Stored items

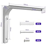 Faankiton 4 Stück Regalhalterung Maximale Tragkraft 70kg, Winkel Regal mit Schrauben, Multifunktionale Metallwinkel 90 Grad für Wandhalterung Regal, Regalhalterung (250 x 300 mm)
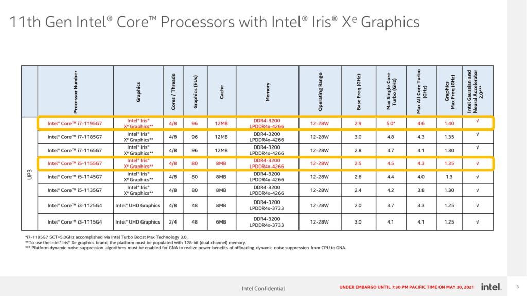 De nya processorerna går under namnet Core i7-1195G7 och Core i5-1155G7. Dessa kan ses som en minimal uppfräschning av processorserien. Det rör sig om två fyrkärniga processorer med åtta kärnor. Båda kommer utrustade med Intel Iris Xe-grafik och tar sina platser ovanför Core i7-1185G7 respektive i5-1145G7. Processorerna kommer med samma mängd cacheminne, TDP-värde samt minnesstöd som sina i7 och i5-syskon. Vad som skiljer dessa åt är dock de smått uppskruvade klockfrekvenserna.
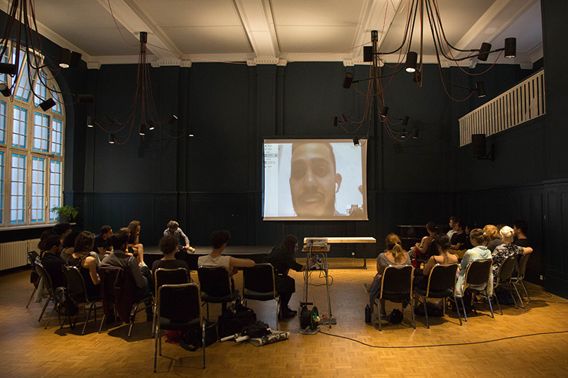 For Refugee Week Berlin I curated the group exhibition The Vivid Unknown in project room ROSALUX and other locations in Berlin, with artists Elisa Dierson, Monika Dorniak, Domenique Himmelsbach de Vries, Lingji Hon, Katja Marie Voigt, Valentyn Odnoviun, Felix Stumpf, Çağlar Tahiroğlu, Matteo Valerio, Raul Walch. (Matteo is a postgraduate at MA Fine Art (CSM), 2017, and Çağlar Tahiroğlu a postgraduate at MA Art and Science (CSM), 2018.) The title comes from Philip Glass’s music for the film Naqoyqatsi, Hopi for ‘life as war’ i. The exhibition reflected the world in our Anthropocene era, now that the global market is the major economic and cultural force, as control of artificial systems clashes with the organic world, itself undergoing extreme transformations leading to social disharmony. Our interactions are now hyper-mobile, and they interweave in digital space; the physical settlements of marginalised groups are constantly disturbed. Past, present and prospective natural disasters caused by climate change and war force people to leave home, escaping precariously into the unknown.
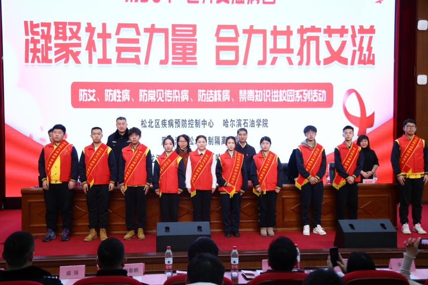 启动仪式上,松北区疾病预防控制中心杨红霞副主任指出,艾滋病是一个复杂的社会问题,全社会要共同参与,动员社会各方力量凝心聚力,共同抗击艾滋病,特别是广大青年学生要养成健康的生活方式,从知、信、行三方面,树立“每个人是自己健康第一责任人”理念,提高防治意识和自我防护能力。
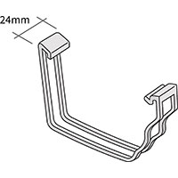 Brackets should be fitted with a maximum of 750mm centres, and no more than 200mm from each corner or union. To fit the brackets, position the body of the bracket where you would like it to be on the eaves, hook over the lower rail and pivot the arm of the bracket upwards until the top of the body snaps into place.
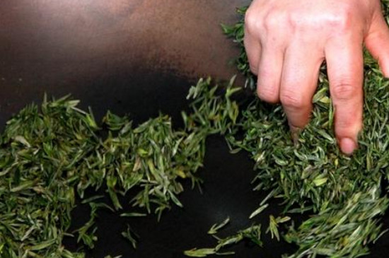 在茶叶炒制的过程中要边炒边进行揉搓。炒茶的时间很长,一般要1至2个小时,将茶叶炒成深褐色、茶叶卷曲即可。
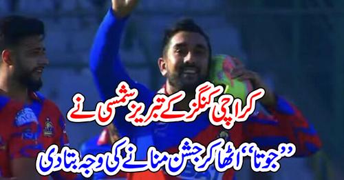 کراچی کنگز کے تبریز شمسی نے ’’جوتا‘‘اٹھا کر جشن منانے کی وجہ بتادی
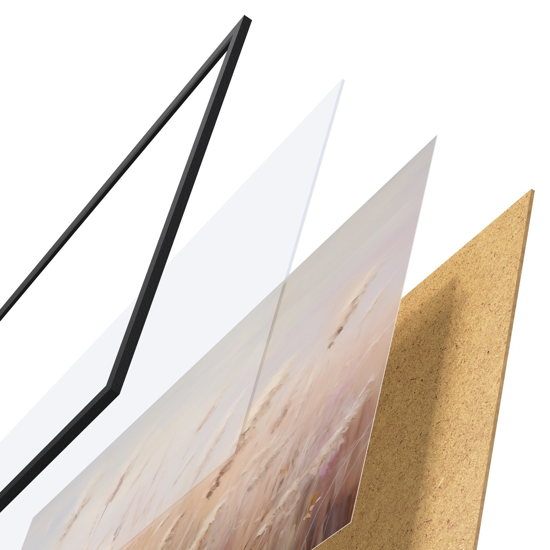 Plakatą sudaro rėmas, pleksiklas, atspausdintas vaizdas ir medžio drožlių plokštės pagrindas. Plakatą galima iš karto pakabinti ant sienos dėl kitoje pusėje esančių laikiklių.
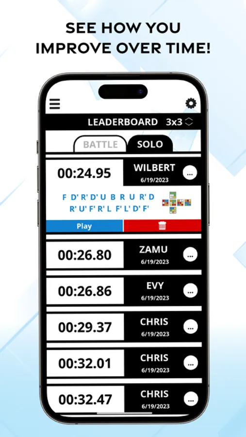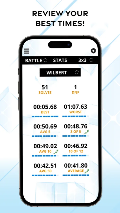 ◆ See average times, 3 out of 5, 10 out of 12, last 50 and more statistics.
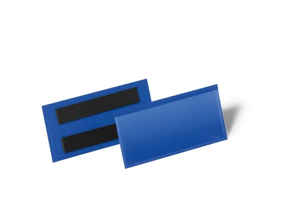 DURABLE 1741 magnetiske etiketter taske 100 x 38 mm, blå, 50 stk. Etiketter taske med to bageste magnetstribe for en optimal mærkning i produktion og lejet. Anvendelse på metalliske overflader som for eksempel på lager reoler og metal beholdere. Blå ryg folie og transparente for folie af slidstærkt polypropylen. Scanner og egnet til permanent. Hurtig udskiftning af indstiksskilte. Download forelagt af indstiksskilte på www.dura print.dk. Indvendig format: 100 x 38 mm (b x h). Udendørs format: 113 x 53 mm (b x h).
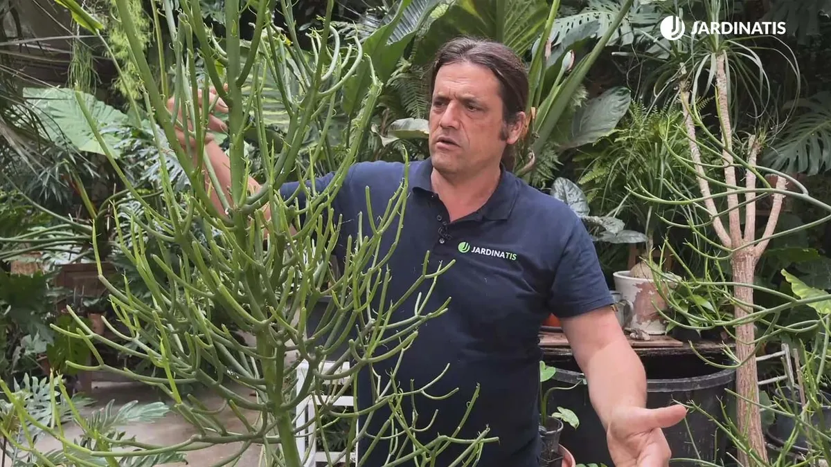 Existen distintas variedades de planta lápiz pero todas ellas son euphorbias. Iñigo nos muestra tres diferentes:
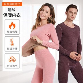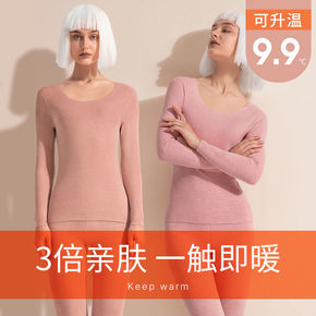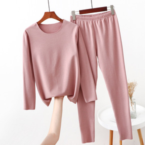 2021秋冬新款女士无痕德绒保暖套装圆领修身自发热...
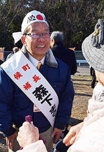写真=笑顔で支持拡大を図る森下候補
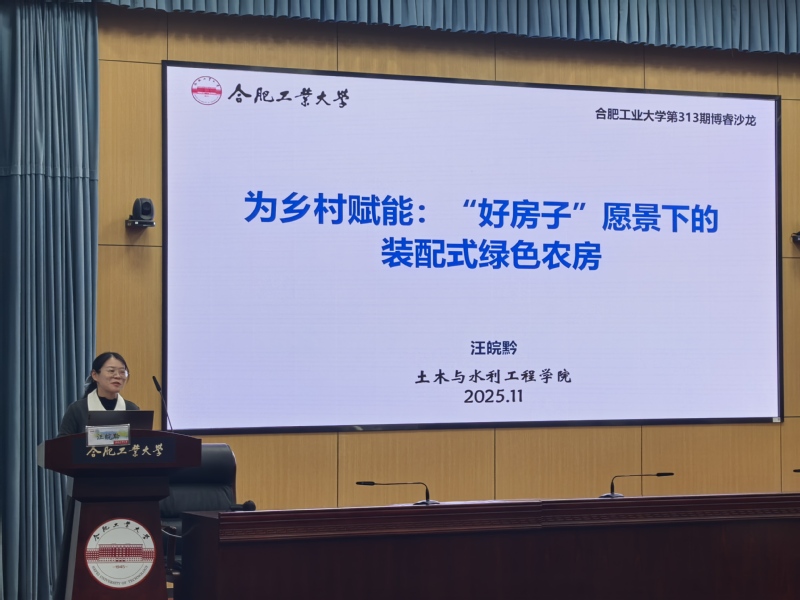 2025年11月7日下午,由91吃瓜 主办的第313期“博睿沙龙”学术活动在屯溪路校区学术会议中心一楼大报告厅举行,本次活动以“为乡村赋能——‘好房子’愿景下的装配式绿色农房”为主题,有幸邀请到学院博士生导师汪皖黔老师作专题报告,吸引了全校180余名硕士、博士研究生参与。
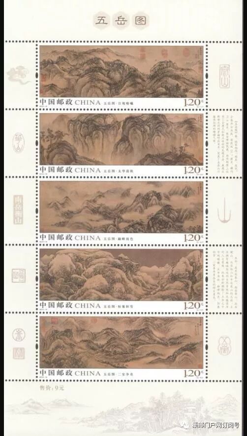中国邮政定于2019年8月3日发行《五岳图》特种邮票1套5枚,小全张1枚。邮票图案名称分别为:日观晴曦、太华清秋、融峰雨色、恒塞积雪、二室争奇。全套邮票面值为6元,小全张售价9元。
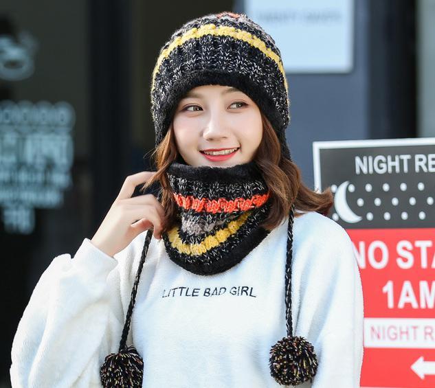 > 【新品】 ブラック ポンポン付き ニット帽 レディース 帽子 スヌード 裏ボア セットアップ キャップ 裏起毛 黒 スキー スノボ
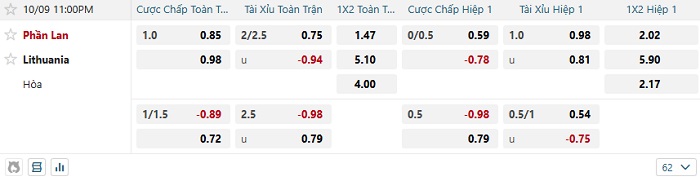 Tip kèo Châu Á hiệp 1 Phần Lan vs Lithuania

--

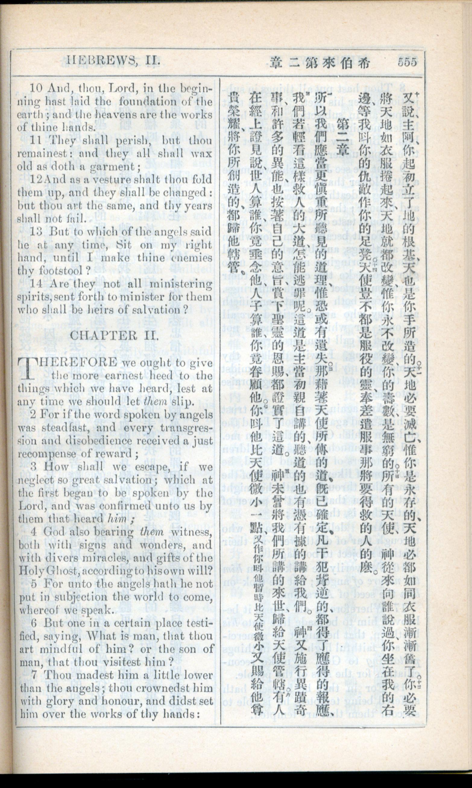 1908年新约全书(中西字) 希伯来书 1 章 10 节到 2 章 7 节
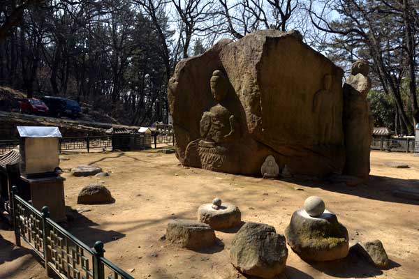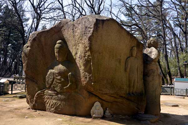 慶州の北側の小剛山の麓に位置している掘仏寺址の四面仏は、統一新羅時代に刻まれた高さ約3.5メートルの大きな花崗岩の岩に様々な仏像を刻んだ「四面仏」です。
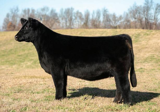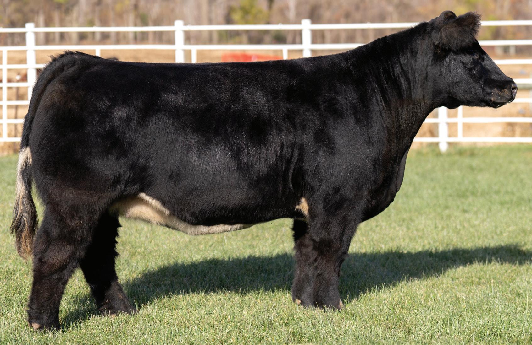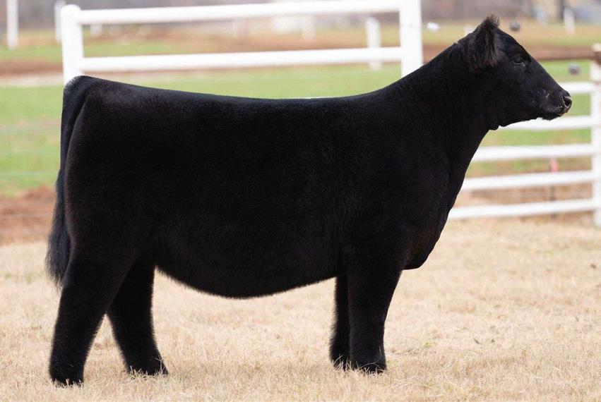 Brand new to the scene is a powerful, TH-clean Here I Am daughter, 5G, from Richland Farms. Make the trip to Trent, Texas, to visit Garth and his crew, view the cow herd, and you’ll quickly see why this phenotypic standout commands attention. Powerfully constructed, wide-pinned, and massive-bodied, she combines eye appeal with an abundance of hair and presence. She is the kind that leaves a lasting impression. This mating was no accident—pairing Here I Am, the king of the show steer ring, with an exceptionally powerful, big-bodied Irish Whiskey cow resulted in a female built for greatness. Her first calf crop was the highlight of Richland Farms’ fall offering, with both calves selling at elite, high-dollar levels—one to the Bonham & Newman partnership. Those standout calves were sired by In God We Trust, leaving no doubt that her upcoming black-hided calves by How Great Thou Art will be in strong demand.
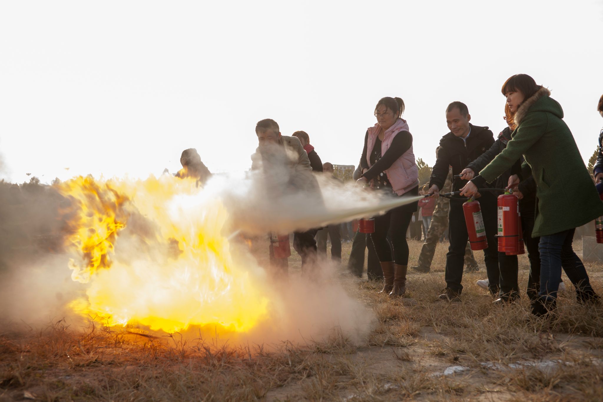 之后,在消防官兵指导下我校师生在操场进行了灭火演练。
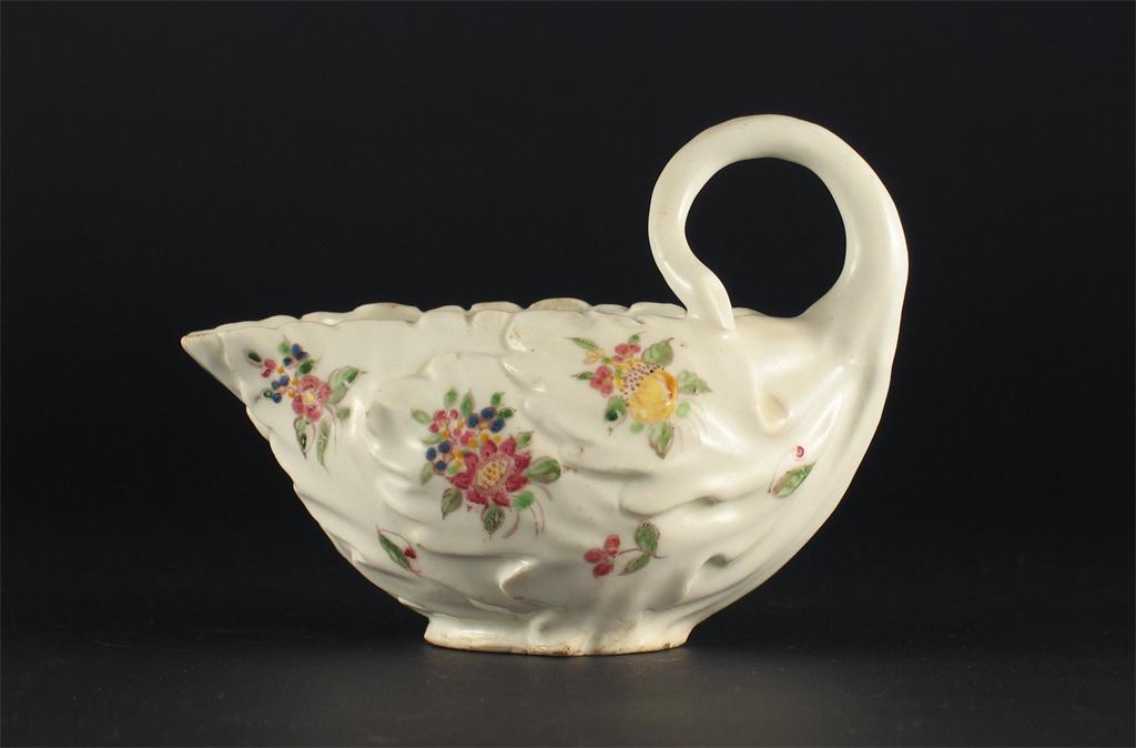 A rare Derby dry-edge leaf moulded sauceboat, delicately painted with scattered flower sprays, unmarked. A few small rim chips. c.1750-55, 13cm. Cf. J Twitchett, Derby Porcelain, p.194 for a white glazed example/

§ WORK INSTRUCTIONS: With pictures omitted, repeat the entries above word for word from the line holding "Brackets should be" down to the line holding "Tip kèo Châu Á hiệp 1 Phần Lan vs Lithuania", keeping both of those lines.

§ FINISHED EXERCISE:
 Brackets should be fitted with a maximum of 750mm centres, and no more than 200mm from each corner or union. To fit the brackets, position the body of the bracket where you would like it to be on the eaves, hook over the lower rail and pivot the arm of the bracket upwards until the top of the body snaps into place.
 在茶叶炒制的过程中要边炒边进行揉搓。炒茶的时间很长,一般要1至2个小时,将茶叶炒成深褐色、茶叶卷曲即可。
 کراچی کنگز کے تبریز شمسی نے ’’جوتا‘‘اٹھا کر جشن منانے کی وجہ بتادی
 Plakatą sudaro rėmas, pleksiklas, atspausdintas vaizdas ir medžio drožlių plokštės pagrindas. Plakatą galima iš karto pakabinti ant sienos dėl kitoje pusėje esančių laikiklių.
 ◆ See average times, 3 out of 5, 10 out of 12, last 50 and more statistics.
 DURABLE 1741 magnetiske etiketter taske 100 x 38 mm, blå, 50 stk. Etiketter taske med to bageste magnetstribe for en optimal mærkning i produktion og lejet. Anvendelse på metalliske overflader som for eksempel på lager reoler og metal beholdere. Blå ryg folie og transparente for folie af slidstærkt polypropylen. Scanner og egnet til permanent. Hurtig udskiftning af indstiksskilte. Download forelagt af indstiksskilte på www.dura print.dk. Indvendig format: 100 x 38 mm (b x h). Udendørs format: 113 x 53 mm (b x h).
 Existen distintas variedades de planta lápiz pero todas ellas son euphorbias. Iñigo nos muestra tres diferentes:
 2021秋冬新款女士无痕德绒保暖套装圆领修身自发热...
写真=笑顔で支持拡大を図る森下候補
 2025年11月7日下午,由91吃瓜 主办的第313期“博睿沙龙”学术活动在屯溪路校区学术会议中心一楼大报告厅举行,本次活动以“为乡村赋能——‘好房子’愿景下的装配式绿色农房”为主题,有幸邀请到学院博士生导师汪皖黔老师作专题报告,吸引了全校180余名硕士、博士研究生参与。
中国邮政定于2019年8月3日发行《五岳图》特种邮票1套5枚,小全张1枚。邮票图案名称分别为:日观晴曦、太华清秋、融峰雨色、恒塞积雪、二室争奇。全套邮票面值为6元,小全张售价9元。
 > 【新品】 ブラック ポンポン付き ニット帽 レディース 帽子 スヌード 裏ボア セットアップ キャップ 裏起毛 黒 スキー スノボ
 Tip kèo Châu Á hiệp 1 Phần Lan vs Lithuania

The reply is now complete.